● About this exercise:
Retype, word for word, the line holding "Дитячий набір для" and each line after it down to the end of the data; pictures are not copied.

++++ Data segment

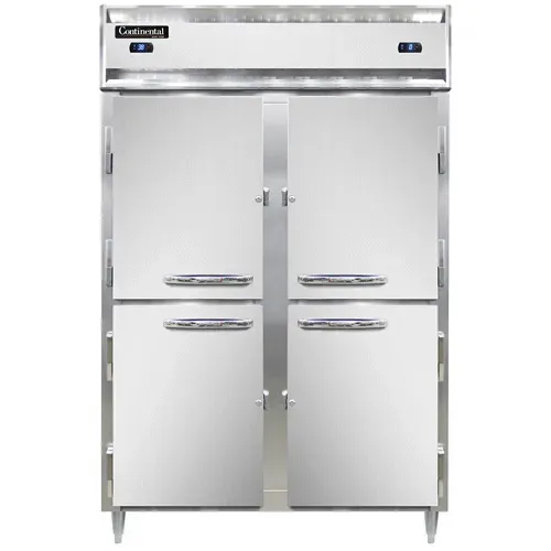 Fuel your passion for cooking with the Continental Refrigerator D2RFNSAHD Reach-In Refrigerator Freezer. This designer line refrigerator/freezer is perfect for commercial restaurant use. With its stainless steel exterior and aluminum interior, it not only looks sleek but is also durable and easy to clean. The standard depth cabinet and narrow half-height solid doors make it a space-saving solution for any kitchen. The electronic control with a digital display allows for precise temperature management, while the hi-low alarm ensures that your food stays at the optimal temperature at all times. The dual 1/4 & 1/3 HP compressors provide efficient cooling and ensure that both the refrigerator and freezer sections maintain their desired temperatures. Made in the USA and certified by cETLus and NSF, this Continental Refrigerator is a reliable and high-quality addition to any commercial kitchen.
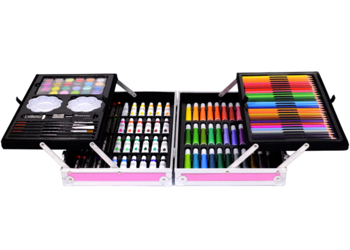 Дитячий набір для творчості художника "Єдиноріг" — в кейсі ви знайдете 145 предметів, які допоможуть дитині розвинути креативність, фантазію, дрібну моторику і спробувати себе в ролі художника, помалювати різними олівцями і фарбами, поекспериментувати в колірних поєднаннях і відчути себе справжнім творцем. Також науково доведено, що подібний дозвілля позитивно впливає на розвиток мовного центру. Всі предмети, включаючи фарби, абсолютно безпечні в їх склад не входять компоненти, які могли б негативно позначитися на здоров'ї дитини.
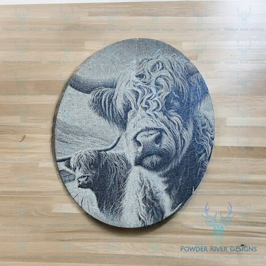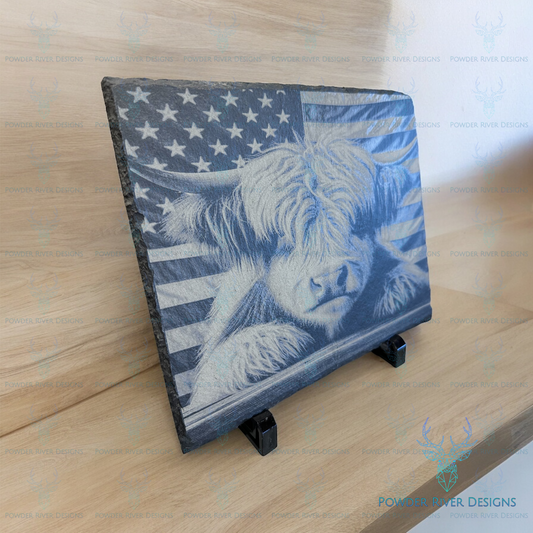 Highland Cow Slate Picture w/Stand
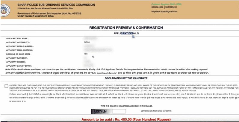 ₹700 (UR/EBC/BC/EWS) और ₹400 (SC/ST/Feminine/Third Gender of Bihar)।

++++++++

● The completed task:
 Дитячий набір для творчості художника "Єдиноріг" — в кейсі ви знайдете 145 предметів, які допоможуть дитині розвинути креативність, фантазію, дрібну моторику і спробувати себе в ролі художника, помалювати різними олівцями і фарбами, поекспериментувати в колірних поєднаннях і відчути себе справжнім творцем. Також науково доведено, що подібний дозвілля позитивно впливає на розвиток мовного центру. Всі предмети, включаючи фарби, абсолютно безпечні в їх склад не входять компоненти, які могли б негативно позначитися на здоров'ї дитини.
 Highland Cow Slate Picture w/Stand
 ₹700 (UR/EBC/BC/EWS) और ₹400 (SC/ST/Feminine/Third Gender of Bihar)।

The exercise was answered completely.